Archer’s quest takes him and Armstrong to the Church of Retrology in Hollywood (nothing at all like Scientology – the Retrologists are all about conning gullible celebrities out of their money) where a dead ringer for Jim Morrison, the Lizard King, sends them off to fetch the Holy Grail in exchange for seeing Archer’s folks. Except it’s held in a strange building (the Hotel California?) filled with dead celebrities who’re seemingly alive and well – what the hell is going on?!

Fred Van Lente’s sixth Archer & Armstrong book is a little lighter on the comedy than usual and feels like the kind of story we’ve seen before, namely conflict revolving around the Wheel of Aten. It’s not a bad book though and Van Lente has fun riffing on the many, many dead celebrities making cameos in the comic - none named outright, probably for legal reasons, though you’ll know them instantly. There’s Freddie, Jimi, Janis, Whacko Jacko, Tupac and Biggie, even Philip Seymour Hoffman makes an appearance in the celebrity afterlife! The celebrities are stuck there because people still remember them – they get to leave once they’ve been forgotten, almost like how religion and gods work in Discworld.

There’s Jackie Kennedy weeping forever as she has to watch her husband and Marilyn be together, even in the weird fame-afterlife with scores of Lee Harvey Oswalds wandering the hotel grounds, one for every conspiracy theory about him! Kurt Cobain’s still a miserable bugger even with a giant hole in his head, and the one celebrity who’s able to keep escaping from the hotel is Aron Presley – because “Elvis has left the building”, geddit?

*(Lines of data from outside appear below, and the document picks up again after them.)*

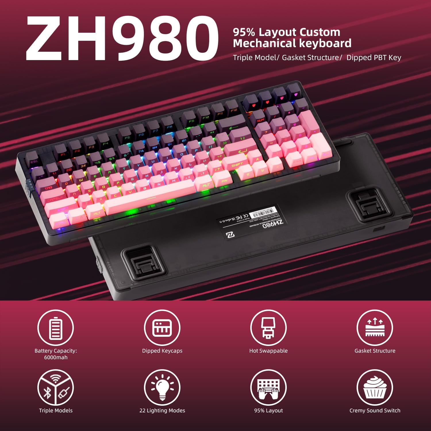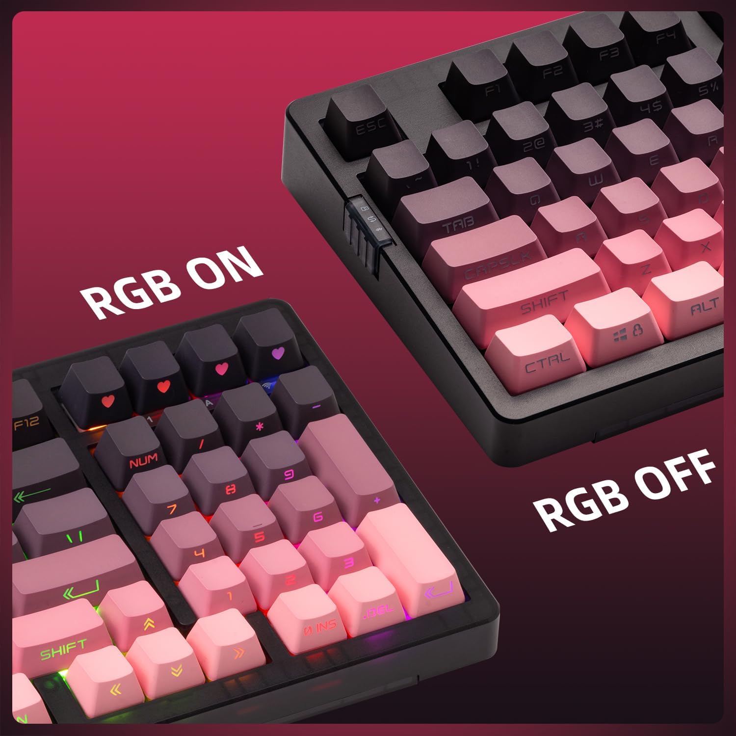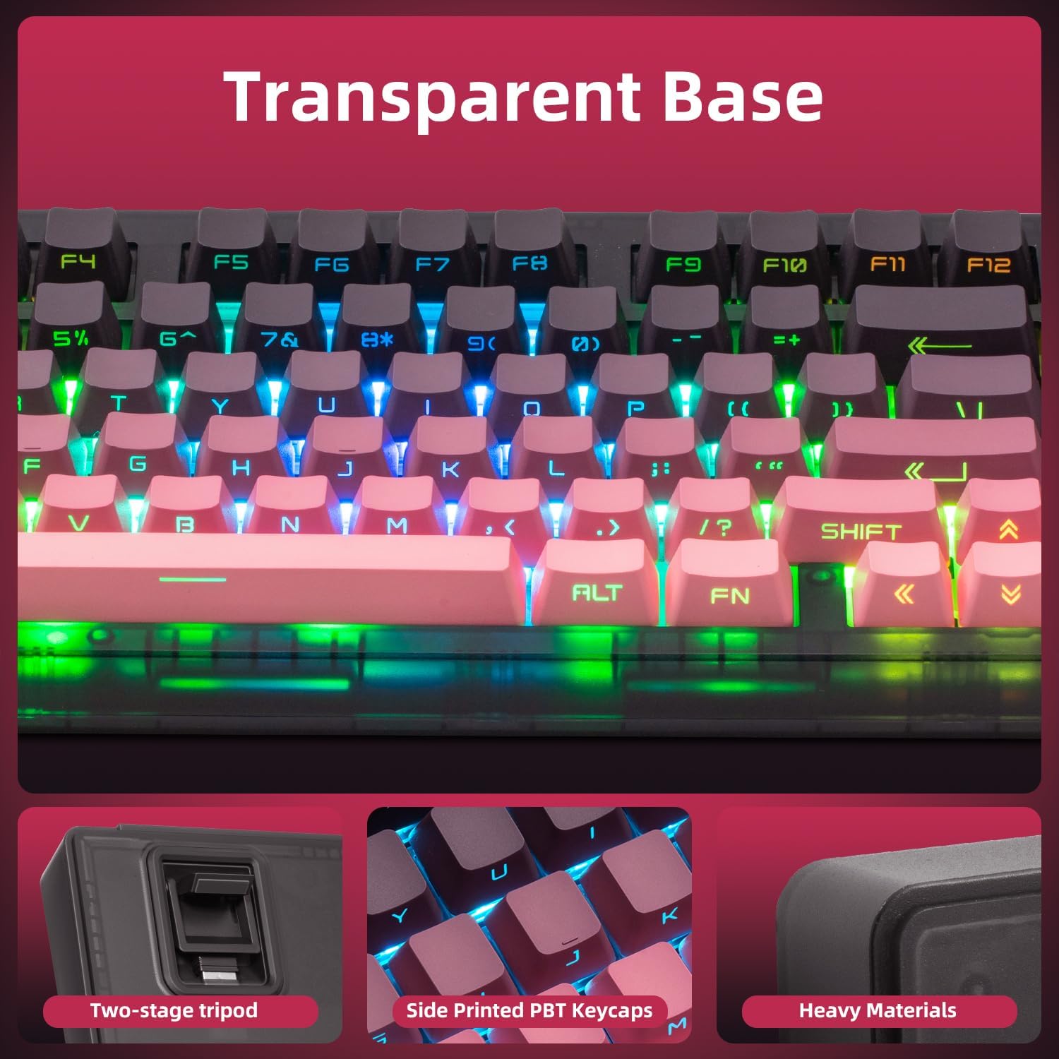 【Dipped PBT Keycaps with Clear Legends】Crafted from high-purity PBT with Dipped technology, the keycaps resist shine and wear while featuring a pink gradient theme that glows with RGB. Side-printed, molded legends ensure long-term clarity and smooth light diffusion.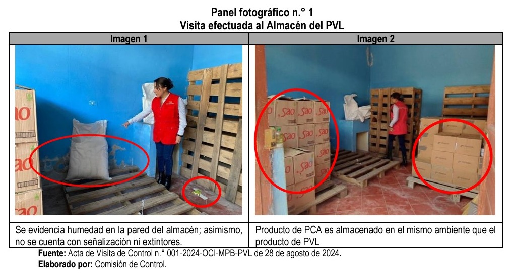 De otro lado, se tiene conocimiento que el almacén destinado para albergar los productos alimenticios del PVL, carecen de las condiciones necesarias para su conservación, situación que afectaría el estado y seguridad de estos alimentos.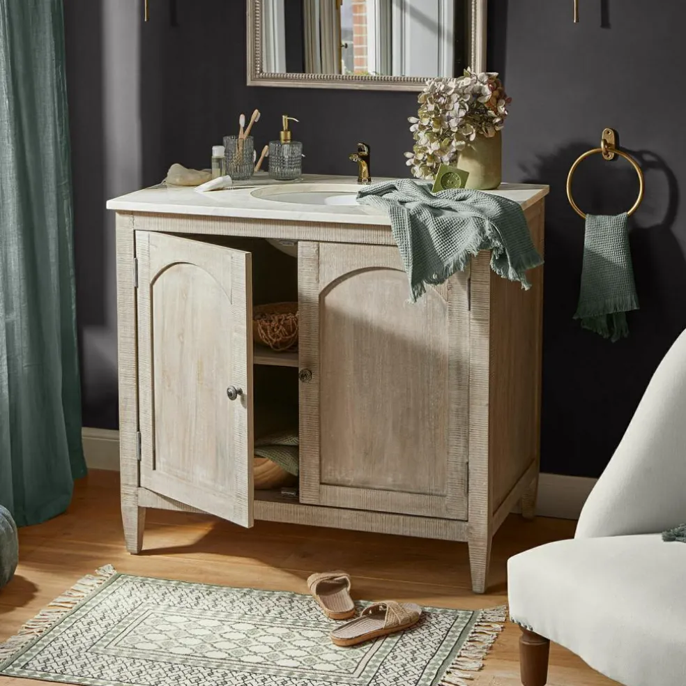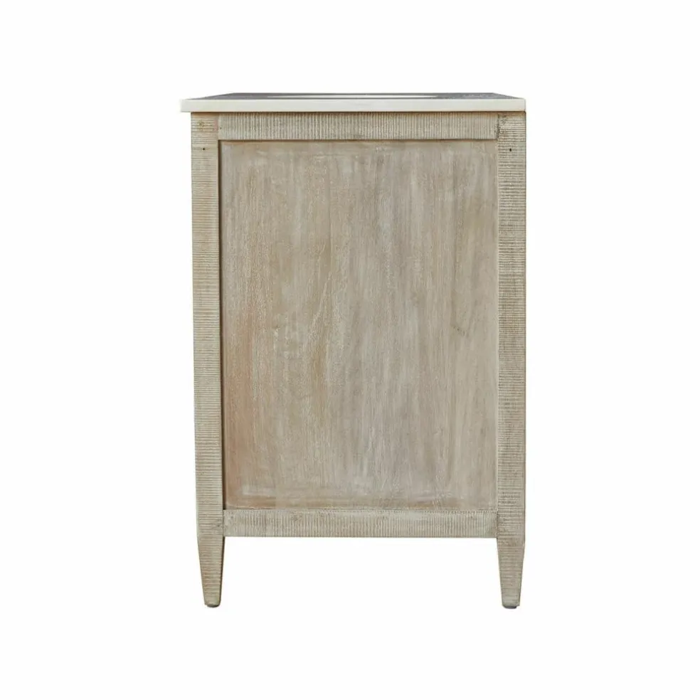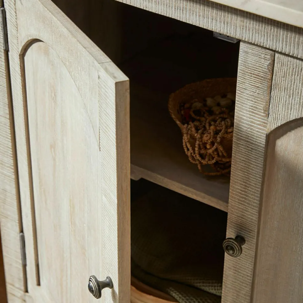 Les amateurs d’originalité trouveront leur bonheur avec ce meuble à vasque : la combinaison entre le bois véritable avec une surface cérusée et un aspect rainuré finement structuré crée un sentiment d’authenticité – comme dans une charmante maison de campagne. Le plan en marbre de qualité supérieure séduit par son veinage naturel et confère au meuble une note intemporelle. La vasque en céramique délicatement encastrée brille par ses lignes épurées et sa fonctionnalité. La conception de la façade, avec ses panneaux incurvés et ses boutons métalliques arrondis, est particulièrement détaillée. Ce meuble de salle de bains est plus que fonctionnel et fait preuve d’authenticité.

American Wasteland isn’t the funniest book in the series but it’s still pretty decent and plenty readable. The inclusion of time-travel in the end was a bit irritating as it makes everything incredibly convoluted, and the whole point of it being used as part of an elaborate joke falls flat. But the parody of classic rock’n’roll covers are great and who can dislike a comic where a Justin Bieber-lookalike is… well, that’s a spoiler, but so long as you’re not a Belieber, it’ll make you smile!